> **EXERCISE GOAL**
Give all of the records again precisely, excluding whatever pictures they contain.

> **DATA RECORDS**
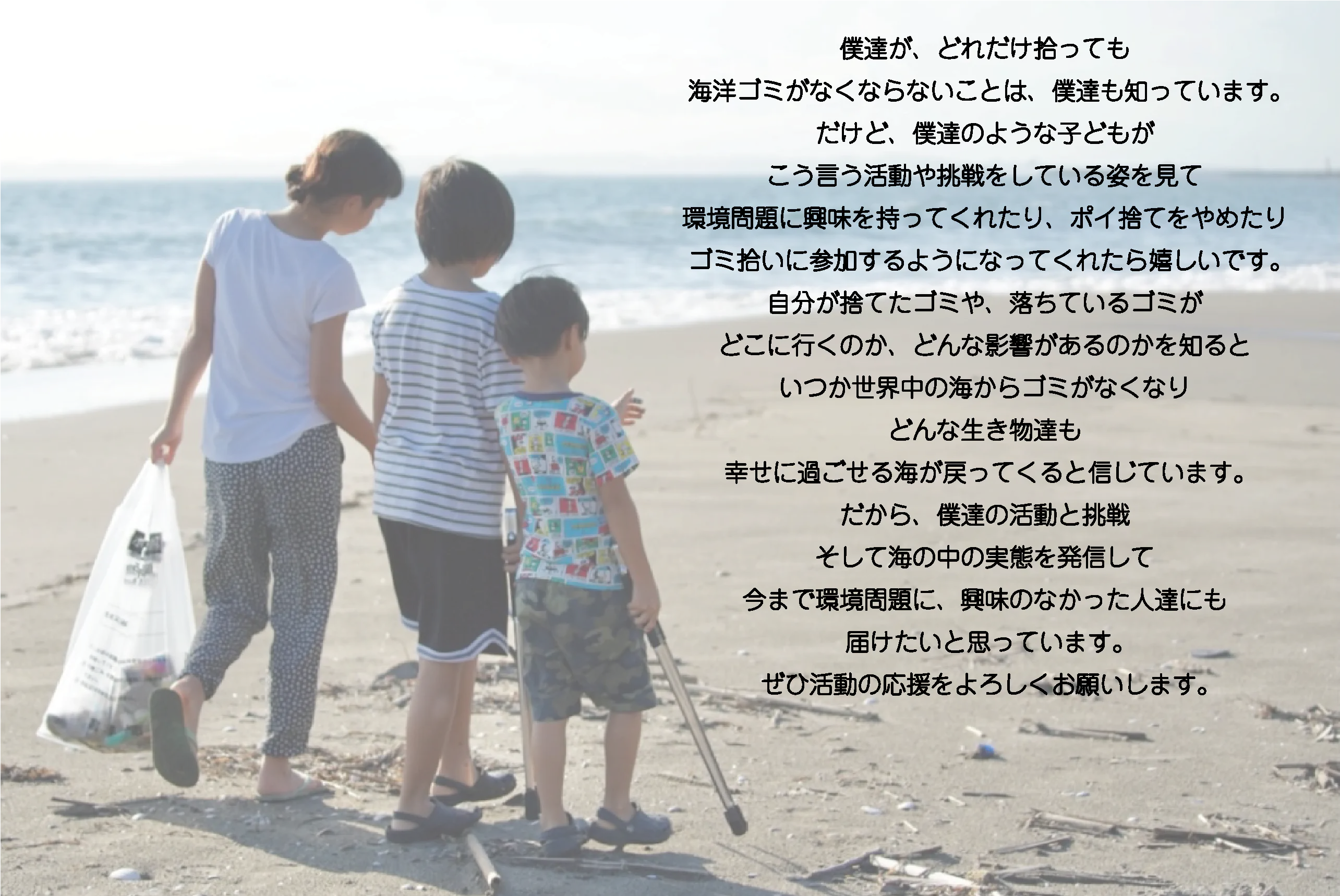 そこで僕たちは、ずっと夢だった「子ども達のゴミ拾いチーム」を作ることにしました。
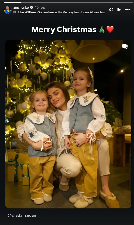 На відміну від інших легіонерів, спільних фото Олександра Зінченка з дружиною Владою Седан та двома донечками. Натомість, захисник Ноттінгем Форест, який належить Арсеналу, репостнув допис Седан у соцмережі Instagram.
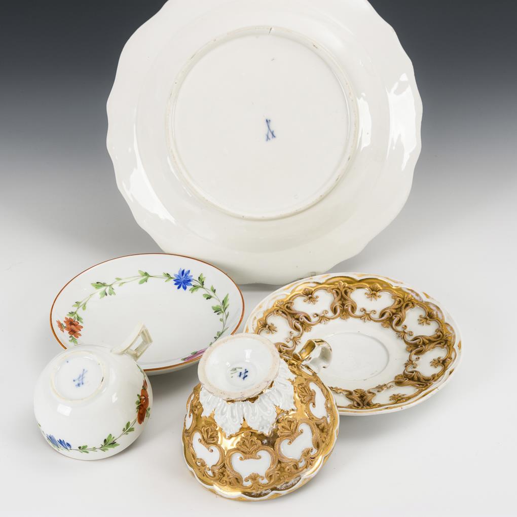 1x Teller Form "Neuozier" mit Blumenmalerei (Ø 24,5 cm). / 1x Tasse (H 5 cm) mit Blumenmalerei und originaler Untertasse (Ø 13,5 cm). / 1x Tasse (H 7 cm) und originale Untertasse (Ø 15,5 cm) mit goldbronziertem Ornamentrelief. Partieller Goldabrieb.
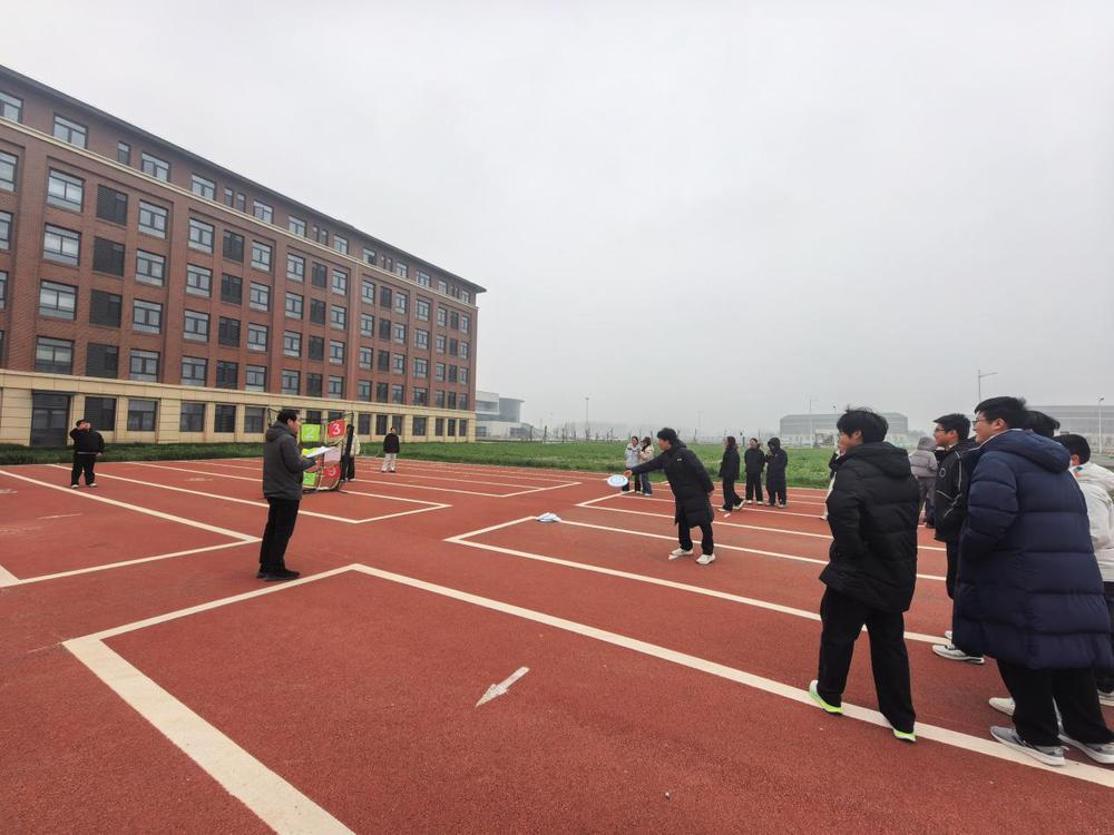 本次活动精心设计了“飞盘打靶”与“旱地龙舟”两项集趣味性、竞技性与协作性于一体的集体运动。在“飞盘打靶”区域,同学们分组竞技,瞄准、投掷、奔跑,在一次次的出手间不仅锻炼了身体的协调性与灵活性,更在专注与放松的切换中体会到了心理的平衡之道。随后的“旱地龙舟”项目则将现场气氛推向高潮,队员们骑跨在充气龙舟上,喊着整齐的口号,步伐一致、齐心发力。只有全组同频共振,龙舟才能顺利前行,这一项目生动诠释了沟通与信任在团队中的重要性。活动现场加油声、欢笑声此起彼伏,同学们在挥洒汗水中释放压力,在默契配合中增进情谊。
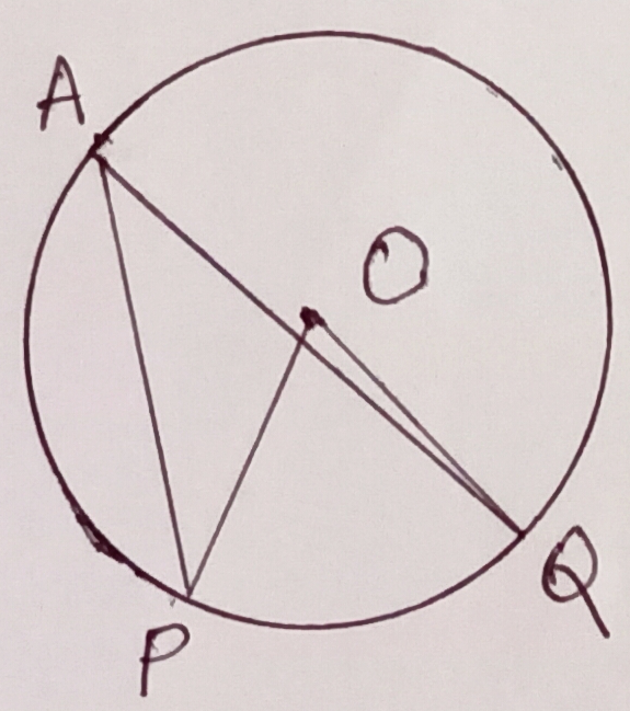 In the figure, A is a point on a circle that has its centre at O. PQ is an arc of the circle. Then ∠PAQ is the angle subtended by PQ at point A of the circle. the ∠PAQ is the angle subtended by PQ at the centre ‘O’ of the circle.
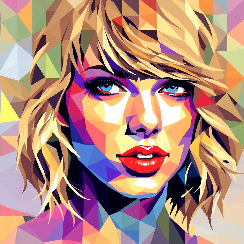 A vibrant mosaic of Taylor Swift's face composed of an array of colorful geometric shapes, each piece blending seamlessly into the next, creating a pixelated and artistic representation.
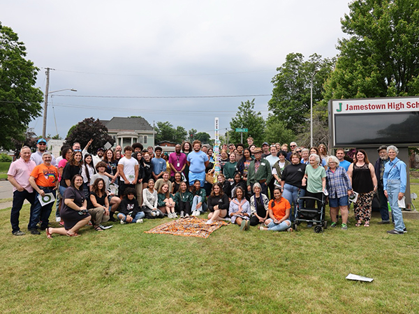 JHS students, Rotarians, and community members gather around the newly installed Peace Pole on the campus of Jamestown High School on the corner of Foote Avenue and Chandler Street above the JHS student parking lot. The Peace Pole was donated by the Rotary Club of Jamestown.
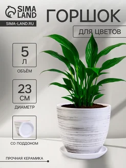 Горшок для цветов керамический с поддоном белый 23 см

> **TASK SOLUTION**
 そこで僕たちは、ずっと夢だった「子ども達のゴミ拾いチーム」を作ることにしました。
 На відміну від інших легіонерів, спільних фото Олександра Зінченка з дружиною Владою Седан та двома донечками. Натомість, захисник Ноттінгем Форест, який належить Арсеналу, репостнув допис Седан у соцмережі Instagram.
 1x Teller Form "Neuozier" mit Blumenmalerei (Ø 24,5 cm). / 1x Tasse (H 5 cm) mit Blumenmalerei und originaler Untertasse (Ø 13,5 cm). / 1x Tasse (H 7 cm) und originale Untertasse (Ø 15,5 cm) mit goldbronziertem Ornamentrelief. Partieller Goldabrieb.
 本次活动精心设计了“飞盘打靶”与“旱地龙舟”两项集趣味性、竞技性与协作性于一体的集体运动。在“飞盘打靶”区域,同学们分组竞技,瞄准、投掷、奔跑,在一次次的出手间不仅锻炼了身体的协调性与灵活性,更在专注与放松的切换中体会到了心理的平衡之道。随后的“旱地龙舟”项目则将现场气氛推向高潮,队员们骑跨在充气龙舟上,喊着整齐的口号,步伐一致、齐心发力。只有全组同频共振,龙舟才能顺利前行,这一项目生动诠释了沟通与信任在团队中的重要性。活动现场加油声、欢笑声此起彼伏,同学们在挥洒汗水中释放压力,在默契配合中增进情谊。
 In the figure, A is a point on a circle that has its centre at O. PQ is an arc of the circle. Then ∠PAQ is the angle subtended by PQ at point A of the circle. the ∠PAQ is the angle subtended by PQ at the centre ‘O’ of the circle.
 A vibrant mosaic of Taylor Swift's face composed of an array of colorful geometric shapes, each piece blending seamlessly into the next, creating a pixelated and artistic representation.
 JHS students, Rotarians, and community members gather around the newly installed Peace Pole on the campus of Jamestown High School on the corner of Foote Avenue and Chandler Street above the JHS student parking lot. The Peace Pole was donated by the Rotary Club of Jamestown.
 Горшок для цветов керамический с поддоном белый 23 см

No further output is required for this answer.